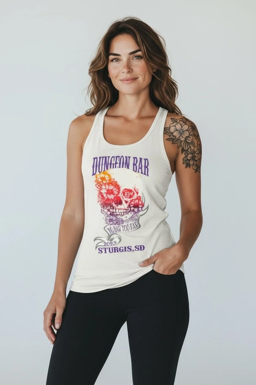 Official 2023 Dungeon Bar tank featuring the floral skull “No Bar Too Far” design. A Sturgis, SD classic and a staple piece of Dungeon Bar merch. Perfect for Rally season or everyday wear.
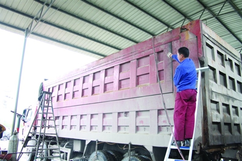 我县开展涉矿产品运输车辆超限超载和“跑冒滴漏”专项整治行动以来,成效明显。4月22日,一私自改装大货车车主主动拆除加高的栏板。联合执法队员表示,将在5月10起开展针对私自改装现象的检查活动,希望各货运业主主动拆除车辆改装。记者 陈睿溪 摄
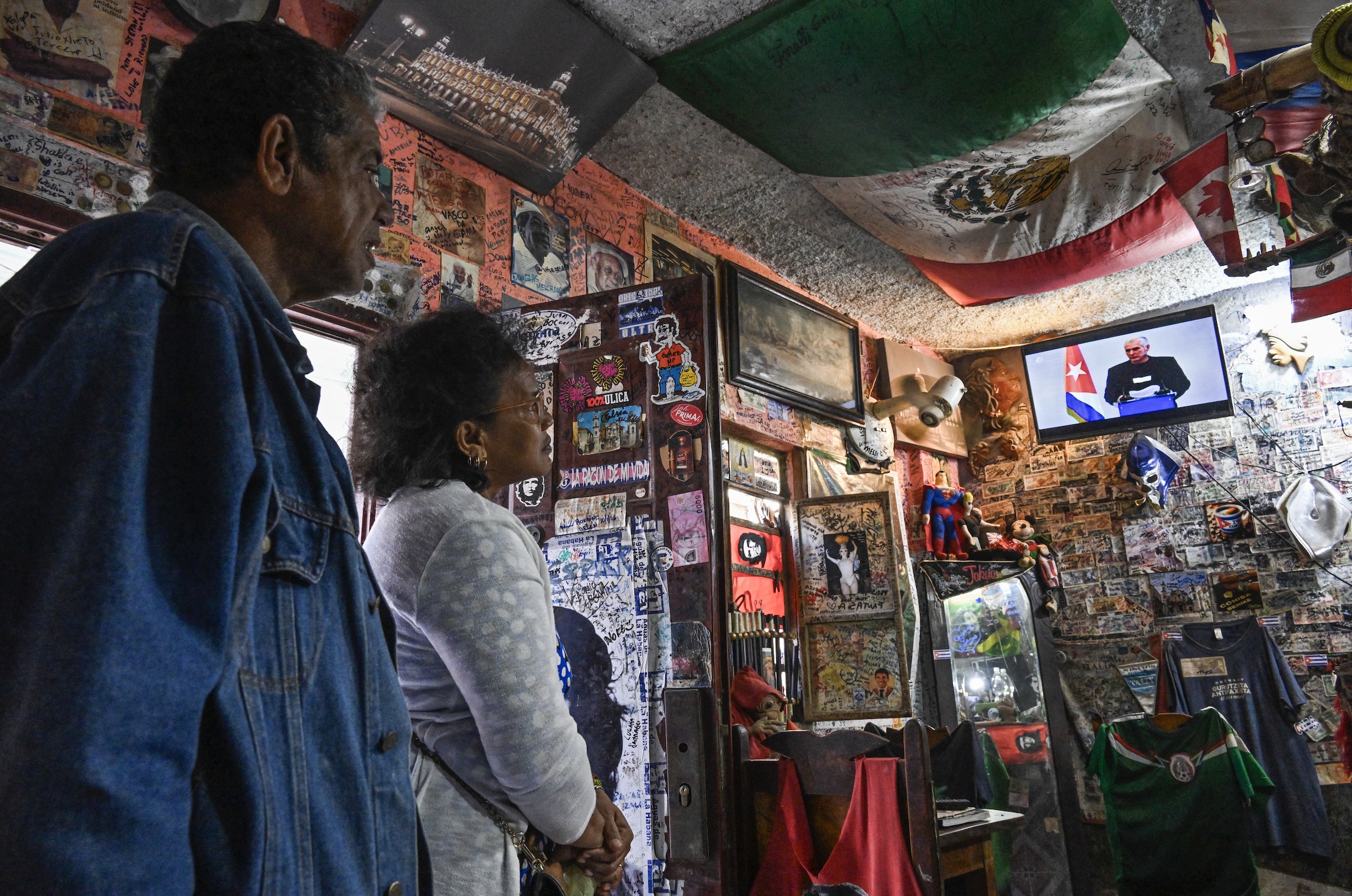 Người dân Cuba theo dõi bài phát biểu của ông Miguel Diaz-Canel trên truyền hình ngày 5-2 - Ảnh: AFP
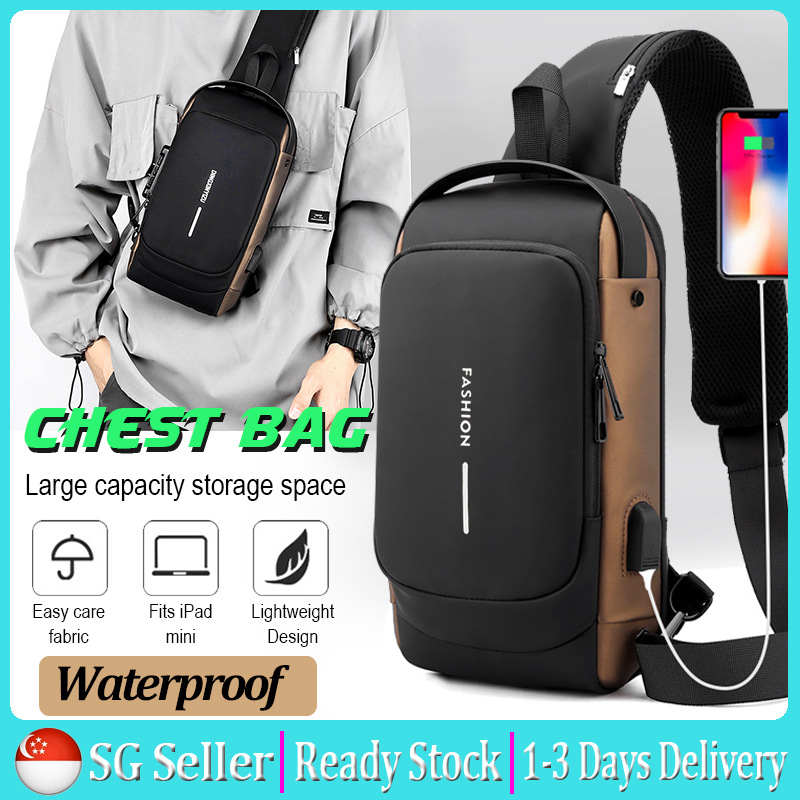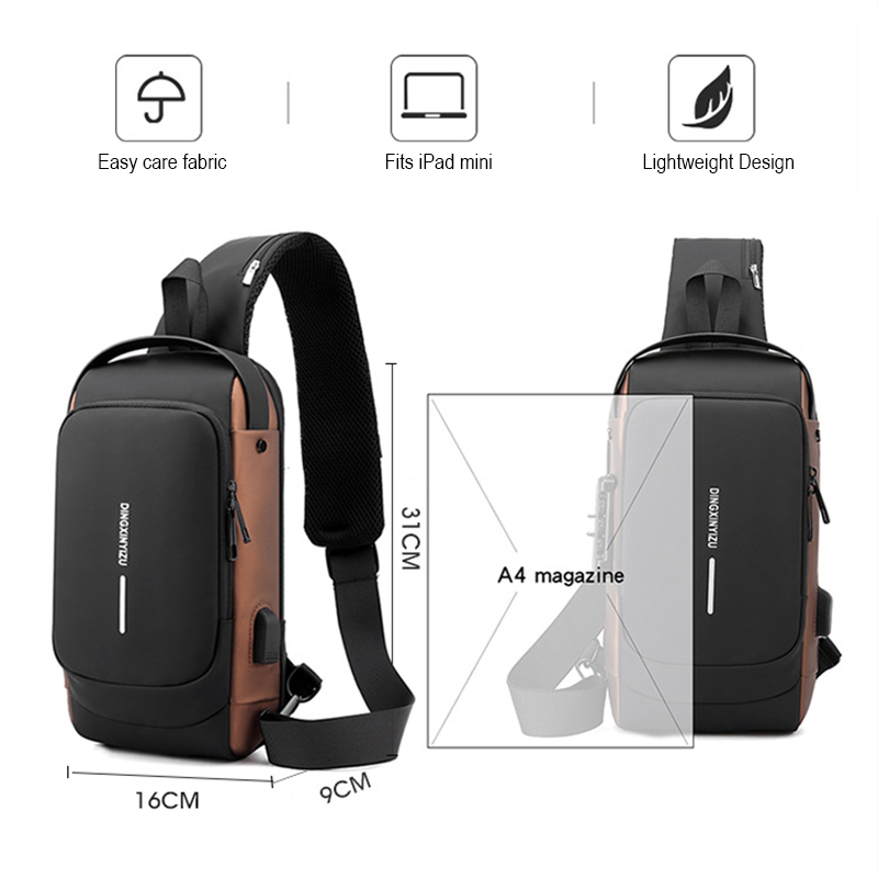 2022 New Leather Men's Chest Bag Crossbody Bag Shoulder Bag with USB Charging Port Large Capacity Multifunctional Anti-theft Password Bag For Sports Car Cool Crossbody Bag
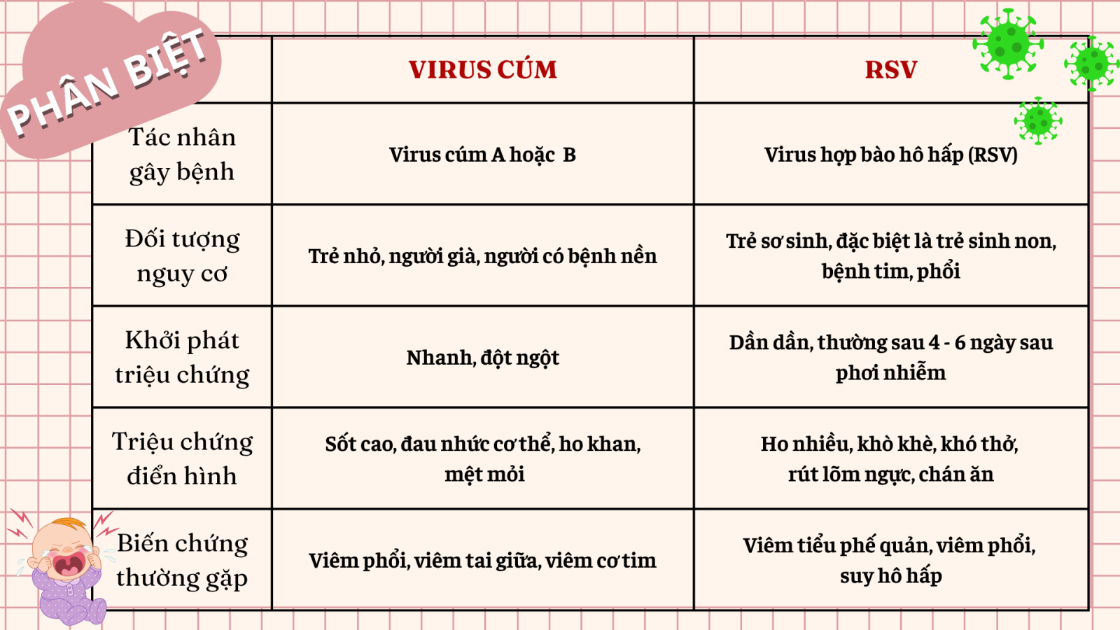 👉 Nếu trẻ sốt cao, thở nhanh, ho kéo dài, khò khè hoặc bỏ bú, cha mẹ cần đưa trẻ đến cơ sở y tế để được khám và chẩn đoán chính xác. Việc phân biệt đúng giữa cúm và RSV giúp bác sĩ chọn hướng điều trị phù hợp, tránh biến chứng đáng tiếc./.
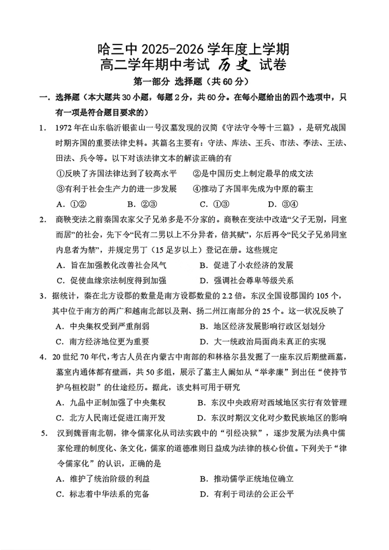 黑龙江省哈三中2025-2026学年度上学期高二学年期中考 历史试题(含答案).pdf
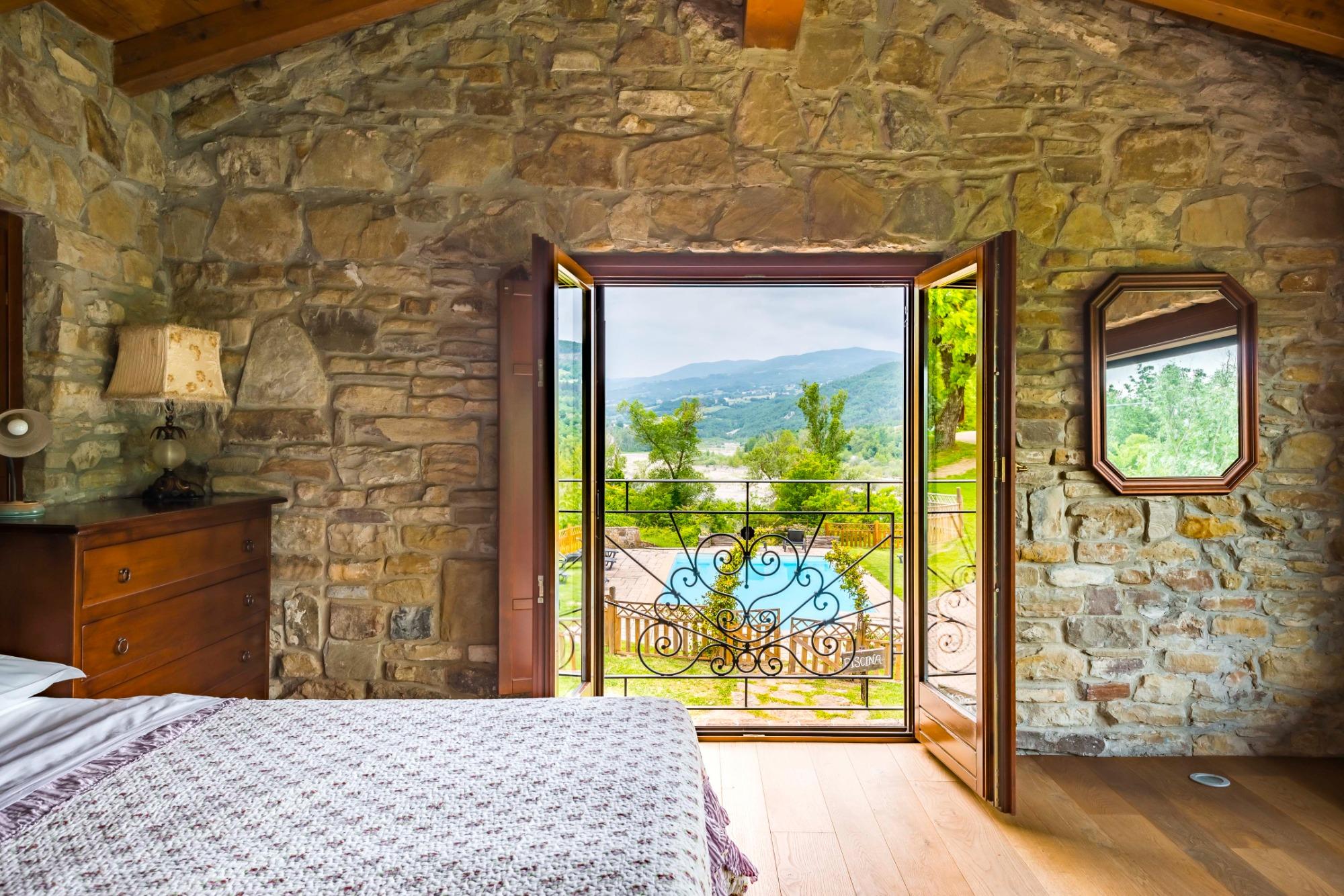La camera Girasole è la camera più luminosa che abbiamo grazie alle 3 finestre di cui dispone, una delle quali rivolta verso la piscina e il fiume sottostante.
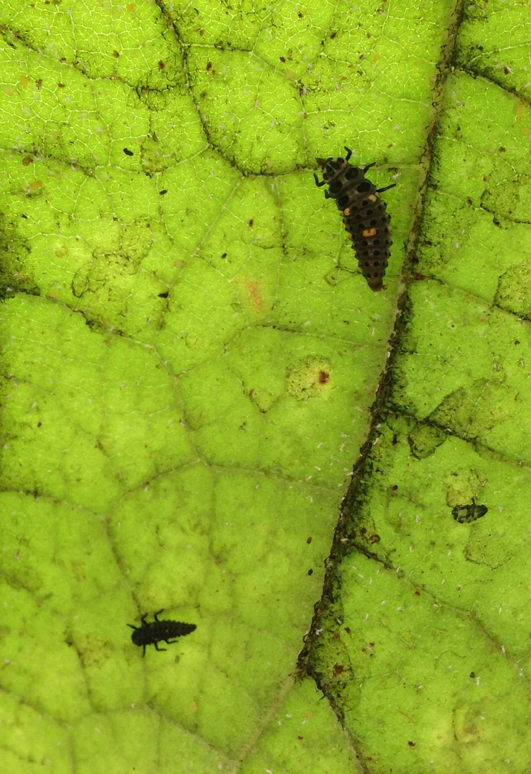 These 2-spotted ladybug larvae were still active on Thursday. Time to pupate, kids!
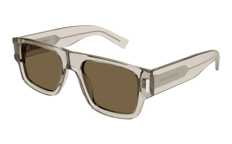 UNE MONTURE MASCULINE AVEC PARTIE SUPÉRIEURE PLATE DANS LE NOUVEAU CONCEPT CLÉ INNOVANT DE LA SAISON, NAKED WIRECORE, POUR CRÉER UNE SIGNATURE SAINT LAURENT FORTE. CE MODÈLE EST REHAUSSÉ DU PLUS GRAND CORNER ANGLE JAMAIS CRÉÉ (1 CM), CORRESPONDANT À LA DIMENSION DE L’ÂME MÉTALLIQUE. LES BRANCHES AUDACIEUSES EN ACÉTATE SONT FABRIQUÉES DANS UN NOUVEAU MATÉRIAU INNOVANT QUI PERMET DE METTRE EN ÉVIDENCE L’ÂME MÉTALLIQUE ORNÉE DU LOGO SAINT LAURENT GRAVÉ AU LASER ET DOTÉE D’UNE FINITION ULTRA-BRILLANTE. LA PALETTE DE COULEURS COMPREND DES ASSOCIATIONS DE COULEURS EMBLÉMATIQUES AVEC DES CRISTAUX SUR LES BRANCHES ET DES COULEURS DE SAISON TRANSPARENTES.

..........

▶ **Your task**
Copy the listing over exactly, skipping the pictures it holds.

▶ **Your solution**
 Official 2023 Dungeon Bar tank featuring the floral skull “No Bar Too Far” design. A Sturgis, SD classic and a staple piece of Dungeon Bar merch. Perfect for Rally season or everyday wear.
 我县开展涉矿产品运输车辆超限超载和“跑冒滴漏”专项整治行动以来,成效明显。4月22日,一私自改装大货车车主主动拆除加高的栏板。联合执法队员表示,将在5月10起开展针对私自改装现象的检查活动,希望各货运业主主动拆除车辆改装。记者 陈睿溪 摄
 Người dân Cuba theo dõi bài phát biểu của ông Miguel Diaz-Canel trên truyền hình ngày 5-2 - Ảnh: AFP
 2022 New Leather Men's Chest Bag Crossbody Bag Shoulder Bag with USB Charging Port Large Capacity Multifunctional Anti-theft Password Bag For Sports Car Cool Crossbody Bag
 👉 Nếu trẻ sốt cao, thở nhanh, ho kéo dài, khò khè hoặc bỏ bú, cha mẹ cần đưa trẻ đến cơ sở y tế để được khám và chẩn đoán chính xác. Việc phân biệt đúng giữa cúm và RSV giúp bác sĩ chọn hướng điều trị phù hợp, tránh biến chứng đáng tiếc./.
 黑龙江省哈三中2025-2026学年度上学期高二学年期中考 历史试题(含答案).pdf
La camera Girasole è la camera più luminosa che abbiamo grazie alle 3 finestre di cui dispone, una delle quali rivolta verso la piscina e il fiume sottostante.
 These 2-spotted ladybug larvae were still active on Thursday. Time to pupate, kids!
 UNE MONTURE MASCULINE AVEC PARTIE SUPÉRIEURE PLATE DANS LE NOUVEAU CONCEPT CLÉ INNOVANT DE LA SAISON, NAKED WIRECORE, POUR CRÉER UNE SIGNATURE SAINT LAURENT FORTE. CE MODÈLE EST REHAUSSÉ DU PLUS GRAND CORNER ANGLE JAMAIS CRÉÉ (1 CM), CORRESPONDANT À LA DIMENSION DE L’ÂME MÉTALLIQUE. LES BRANCHES AUDACIEUSES EN ACÉTATE SONT FABRIQUÉES DANS UN NOUVEAU MATÉRIAU INNOVANT QUI PERMET DE METTRE EN ÉVIDENCE L’ÂME MÉTALLIQUE ORNÉE DU LOGO SAINT LAURENT GRAVÉ AU LASER ET DOTÉE D’UNE FINITION ULTRA-BRILLANTE. LA PALETTE DE COULEURS COMPREND DES ASSOCIATIONS DE COULEURS EMBLÉMATIQUES AVEC DES CRISTAUX SUR LES BRANCHES ET DES COULEURS DE SAISON TRANSPARENTES.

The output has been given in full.